● **ASSIGNMENT**: Below are lines of data, and only some are wanted. Please repeat exactly those from the line that has "зам., 500 г" through the line that has "The Roman numbers".

● **AVAILABLE DATA**:
--
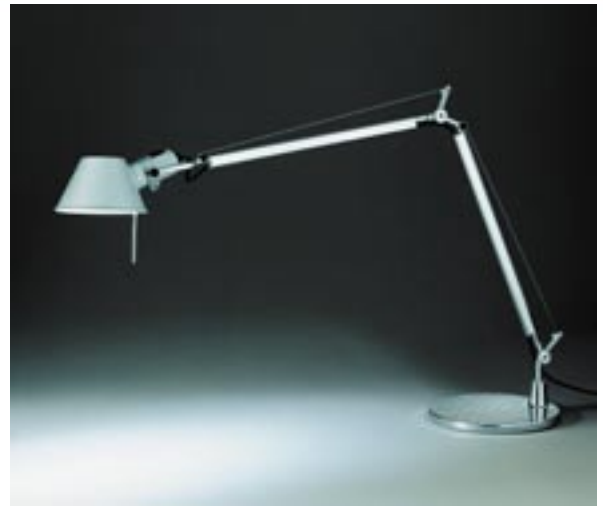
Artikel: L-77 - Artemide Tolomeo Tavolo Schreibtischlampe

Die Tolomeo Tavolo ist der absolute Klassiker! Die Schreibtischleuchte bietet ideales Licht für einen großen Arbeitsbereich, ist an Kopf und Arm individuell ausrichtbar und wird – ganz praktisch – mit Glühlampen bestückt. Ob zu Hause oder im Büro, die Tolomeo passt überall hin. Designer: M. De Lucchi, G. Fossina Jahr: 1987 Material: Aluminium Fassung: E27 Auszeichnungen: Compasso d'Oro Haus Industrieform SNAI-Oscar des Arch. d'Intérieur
--
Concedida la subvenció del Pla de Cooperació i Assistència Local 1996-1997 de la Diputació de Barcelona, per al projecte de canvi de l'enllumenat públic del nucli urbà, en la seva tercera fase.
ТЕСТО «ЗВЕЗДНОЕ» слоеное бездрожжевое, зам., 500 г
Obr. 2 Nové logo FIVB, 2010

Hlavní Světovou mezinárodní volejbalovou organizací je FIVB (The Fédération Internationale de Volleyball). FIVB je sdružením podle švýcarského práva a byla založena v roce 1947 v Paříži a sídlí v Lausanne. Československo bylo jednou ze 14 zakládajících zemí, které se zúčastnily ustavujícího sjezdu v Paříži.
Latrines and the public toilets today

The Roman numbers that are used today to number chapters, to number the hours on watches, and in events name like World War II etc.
--
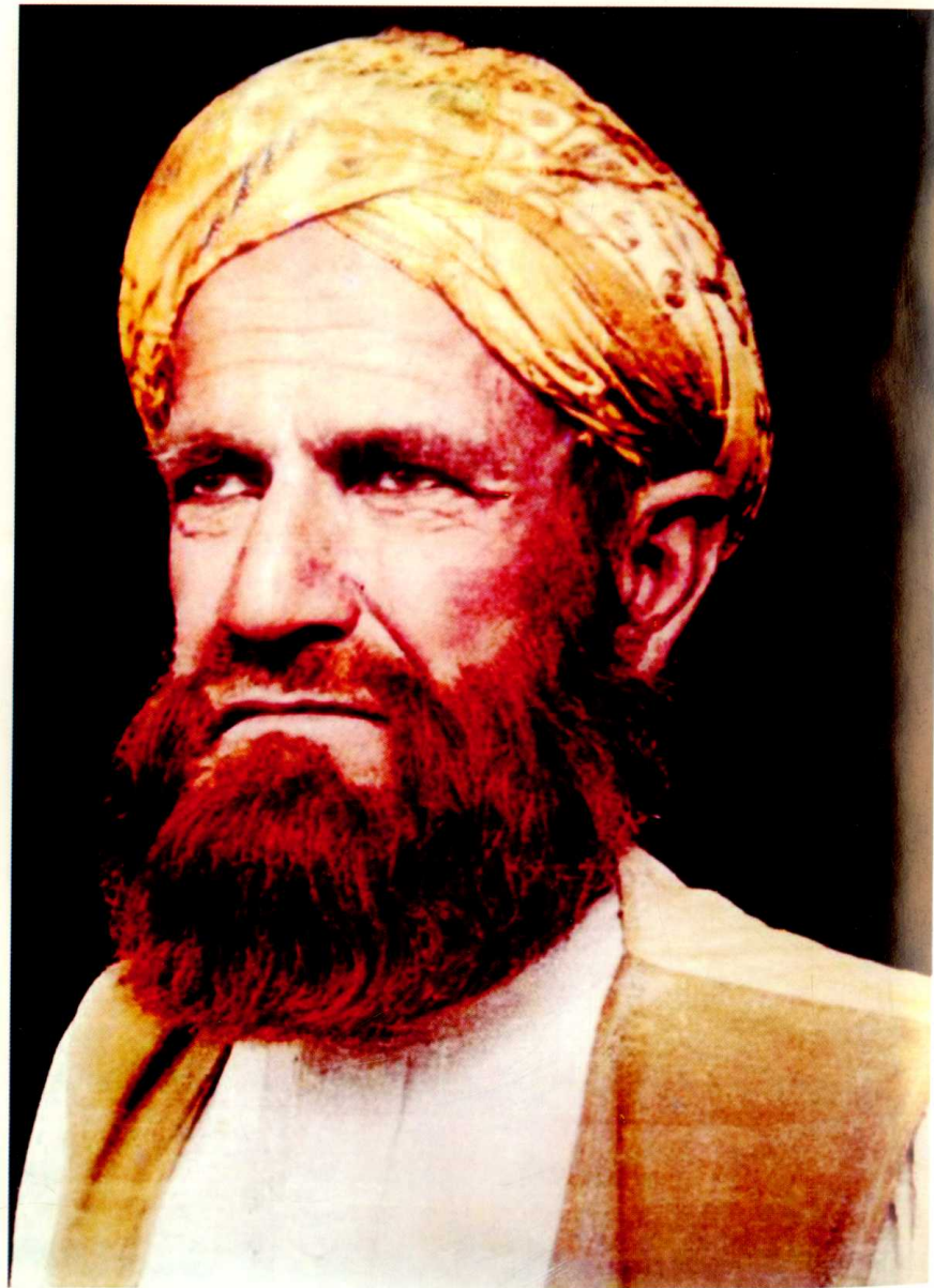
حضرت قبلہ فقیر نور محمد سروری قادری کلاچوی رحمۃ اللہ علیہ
--
● **THE ANSWER**:
ТЕСТО «ЗВЕЗДНОЕ» слоеное бездрожжевое, зам., 500 г
Obr. 2 Nové logo FIVB, 2010

Hlavní Světovou mezinárodní volejbalovou organizací je FIVB (The Fédération Internationale de Volleyball). FIVB je sdružením podle švýcarského práva a byla založena v roce 1947 v Paříži a sídlí v Lausanne. Československo bylo jednou ze 14 zakládajících zemí, které se zúčastnily ustavujícího sjezdu v Paříži.
Latrines and the public toilets today

The Roman numbers that are used today to number chapters, to number the hours on watches, and in events name like World War II etc.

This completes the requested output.